This comes from a "double delete" error, only that free() was used here instead of operator delete. Together with the stack trace information including the filenames and line numbers, this makes it fairly simple to find the trouble spot.

However, Valgrind output rarely is as simple and obvious as in this case. Often, it is many hundreds or thousands of lines long, including a number of "false positives". These often stem from third-party libraries like X11 that you cannot or do not want to debug. For this, there are so-called suppressions, however, configuring those suppressions is very difficult at this time. This is one of the areas where the proprietary tools still have an advantage. However, open source developers (including the author) are already working on remedies to this problem.

Profiling

The other software development task that is difficult to do without software tools is optimizing an application. Actually, it is usually not so difficult to take any arbitrary piece of code from your application and make it run faster; the problem is how to find the spots that actually need optimization - the so-called inner loops - so that you do not spend time optimizing code that is rarely executed or simply not a performance bottleneck at all. This task is called profiling. In profiling, you want to find out which functions or methods are called most often and which have the longest runtime (and particularly of course which functions or methods are called often and have a long runtime).

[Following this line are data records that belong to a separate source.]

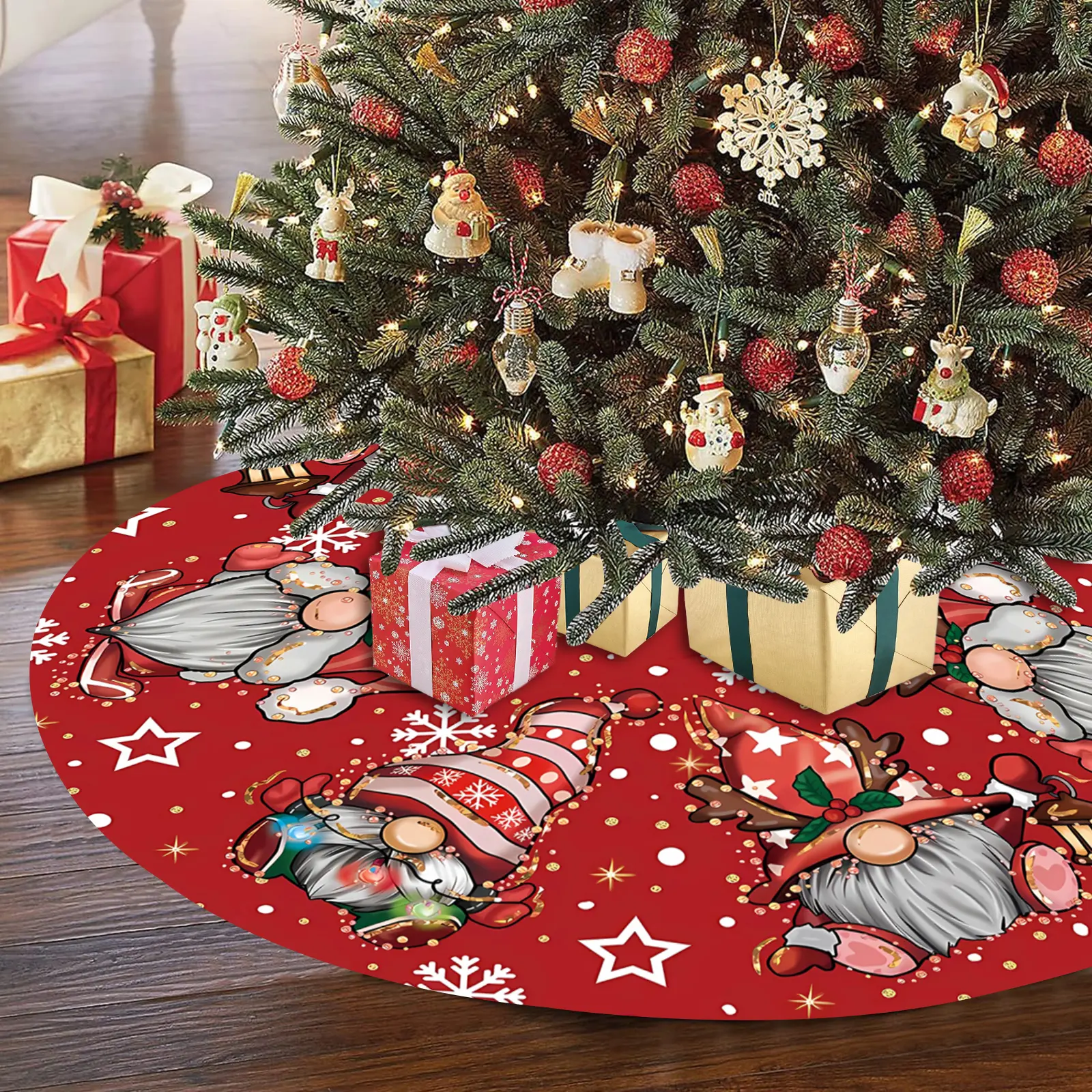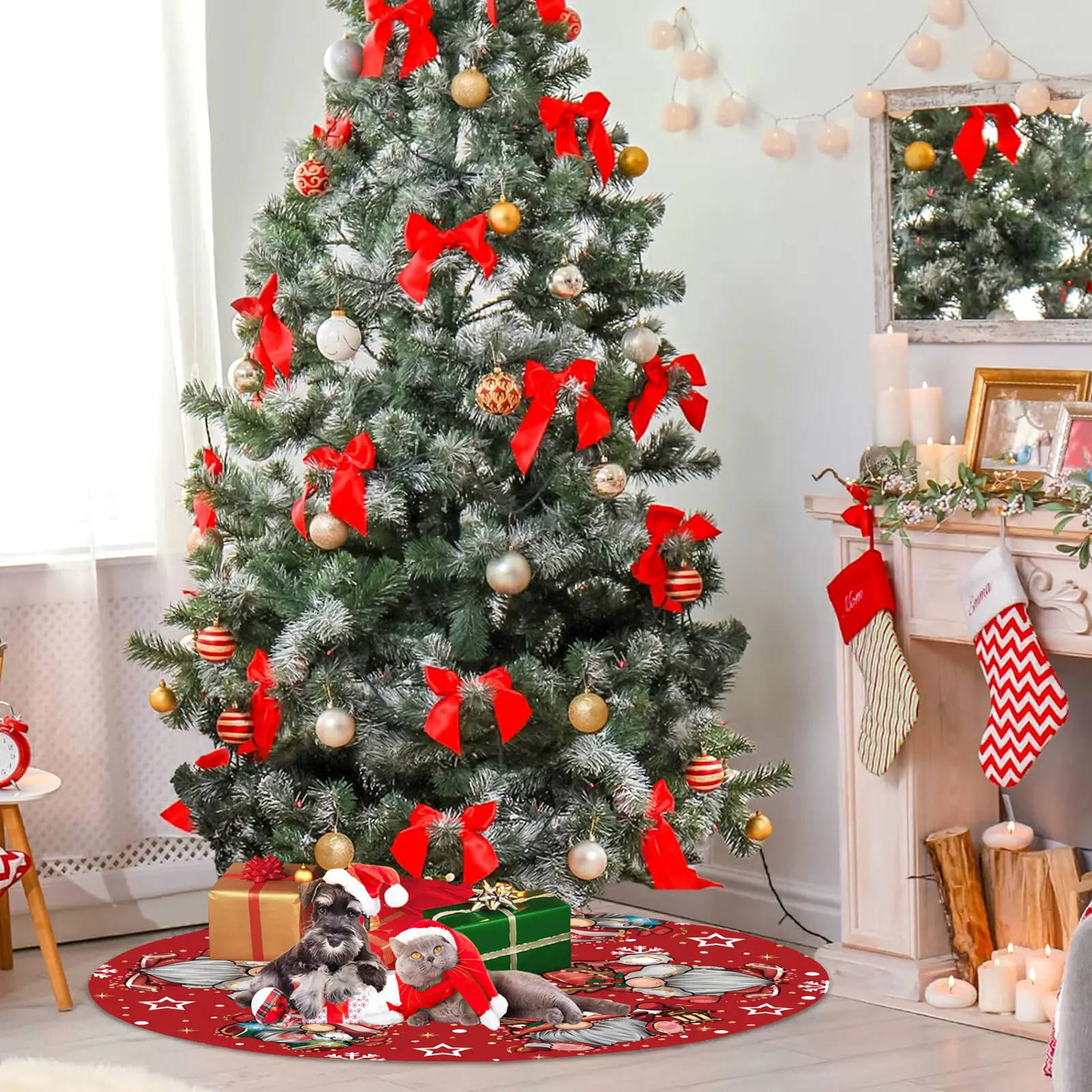 ·FASHIONABLE TREE MAT: Designed with stylish colors and patterns to match any Christmas tree decoration, making your home more lovely and sweet.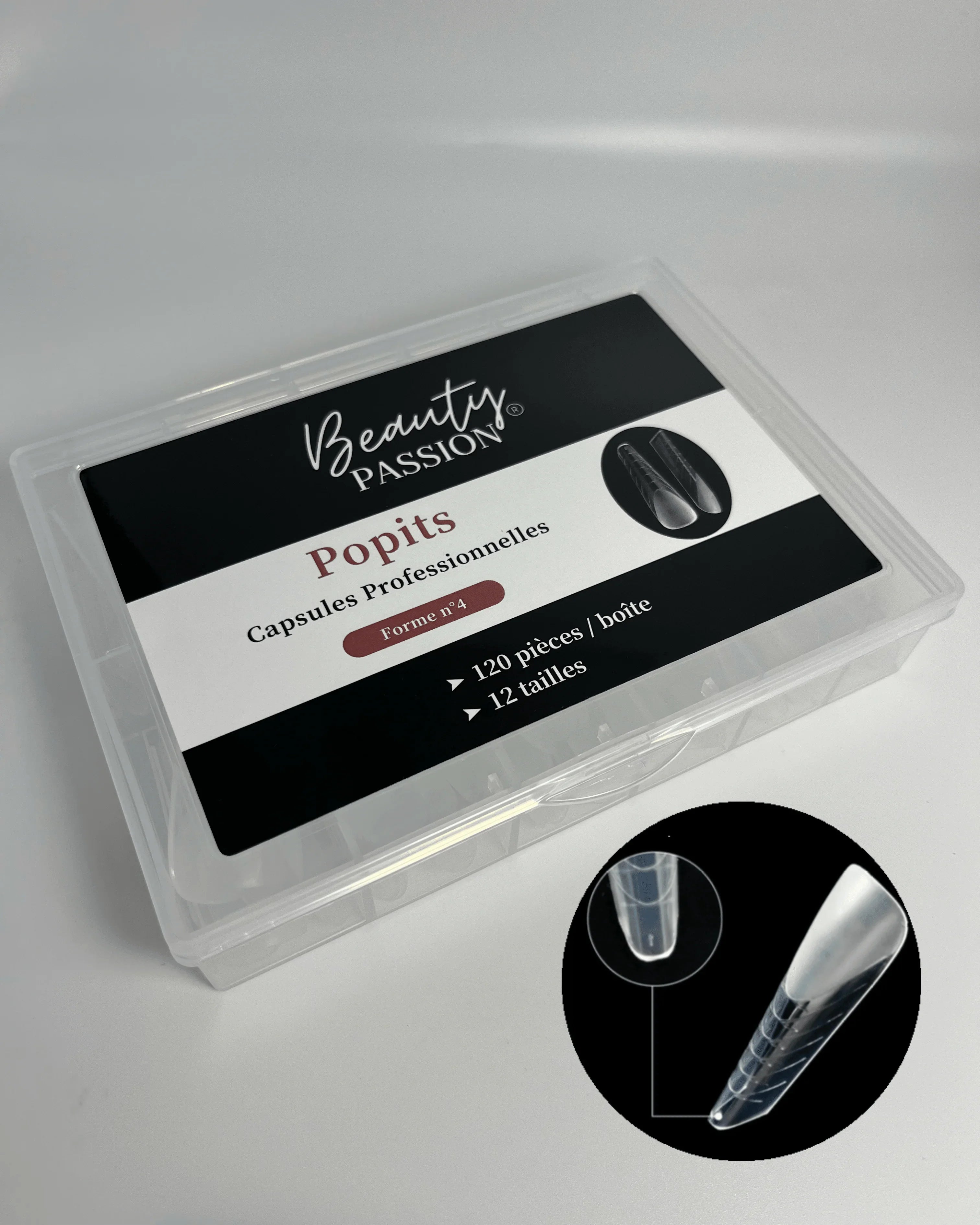 Découvrez nos POPITS Capsules Professionnelles (aussi appelé Dual Form) pour une réalisation simplifiée de vos extensions d'ongles. Chaque boîte est composée de 120 capsules de 12 tailles différentes pour une parfaite adaptation. S'utilise avec nos Acrygel.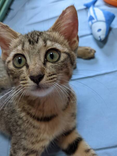 | 特徴(性格など) | とても綺麗なキジ猫ちゃんです。 目とお耳が大きく鼻筋のスッとした美猫ちゃんです。 性格は、甘えん坊で遊ぶのも大好きで、性格も穏やかでかいやすいのではないかと思います。 |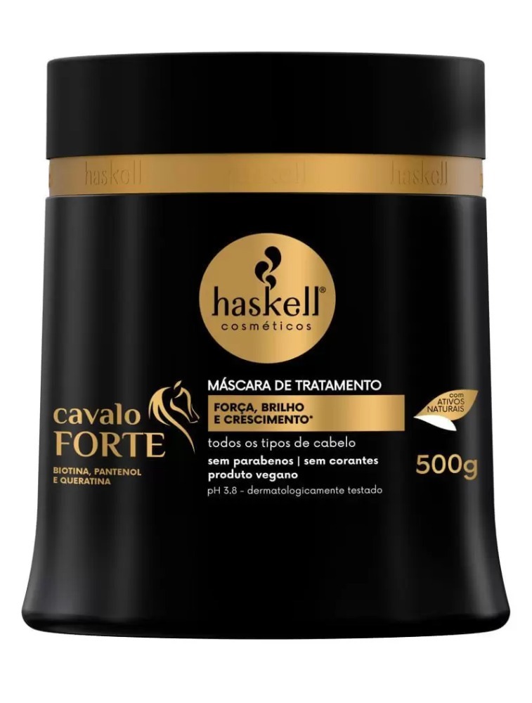 Fortaleça seus cabelos e estimule o crescimento com a poderosa Máscara Capilar Haskell Cavalo Forte. Tenha fios mais fortes, saudáveis e deslumbrantes em cada aplicação.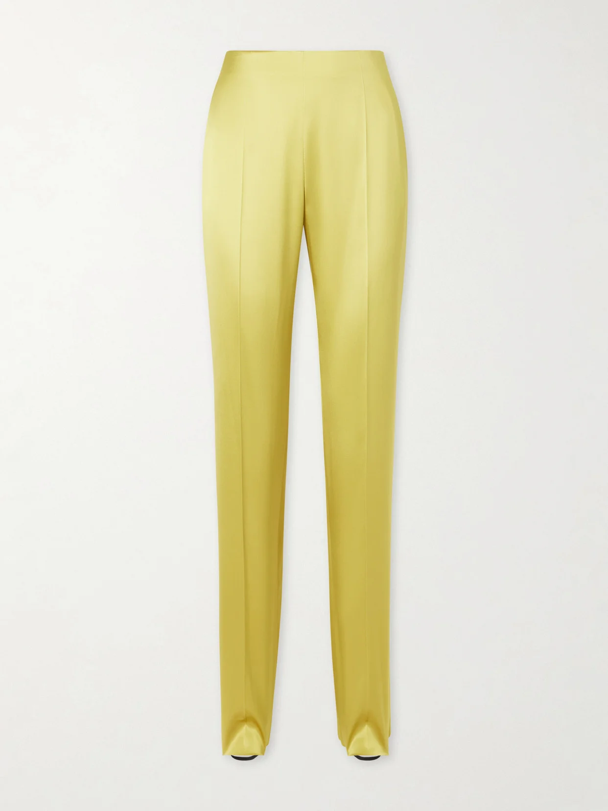 Valentino Garavani fuses fluid elegance with modern tailoring in these silk-blend duchesse pants. Cut for a high-rise fit with a slim, straight-leg silhouette that subtly flares at the hems, they create an elongated, sleek line. Pair with a fitted blouse and heels to highlight the refined shape and luxurious fabric.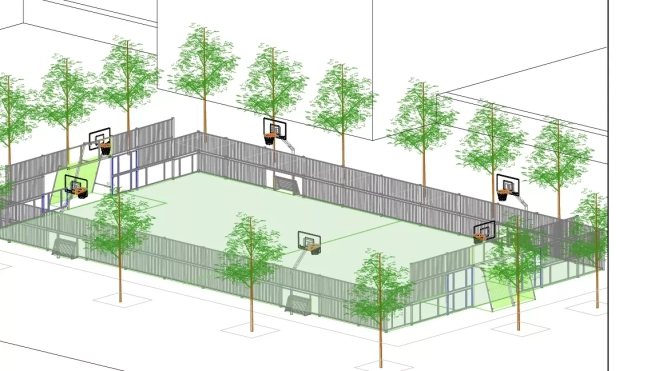 El nuevo equipamiento estará diseñado para la práctica de fútbol sala, balonmano y baloncesto, incorporando porterías reglamentarias, canastas a altura oficial y el marcaje correspondiente a cada disciplina. Además, contará con un cerramiento perimetral que reforzará la seguridad de los usuarios y delimitará el espacio de juego.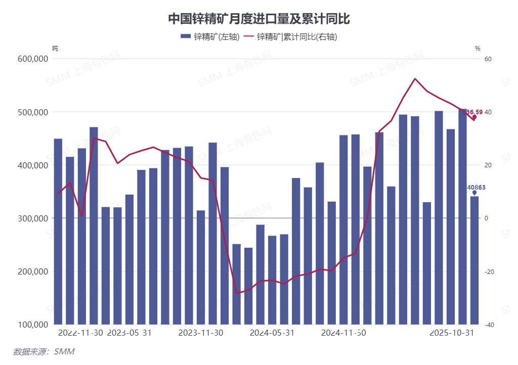 根据最新海关数据显示,2025年10月进口锌精矿34.09万吨(实物吨),10月环比9月降低32.56%(16.45万实物吨),同比增加2.97%。1-10月累计锌精矿进口量为434.89万吨(实物吨),累计同比增加36.59%。

In Linux development, gprof is the traditional profiling command. However, gprof's output is neither very comprehensive nor very easy to understand. Probably the best profiler on the market is Rational Quantify which employs the same code-instrumenting technique as Rational Purify mentioned above, and which also has a very good viewer, but suffers from the same problems (price tag and platform availability) as Purify.

Again, Valgrind comes to the rescue. Because of the virtual machine technique, Valgrind can actually be used for more than just finding memory problems. An additional module, a so-called skin, called cachegrind tracks the number and duration of all function and method calls and thus gives you valuable data about where the performance bottleneck in your code are.

While Valgrind provides more data than gprof, it would only be a small improvement if it was not for KCacheGrind, a KDE frontend to cachegrind. This provides very simple navigation to the collected data and makes it really easy to locate the performance bottlenecks.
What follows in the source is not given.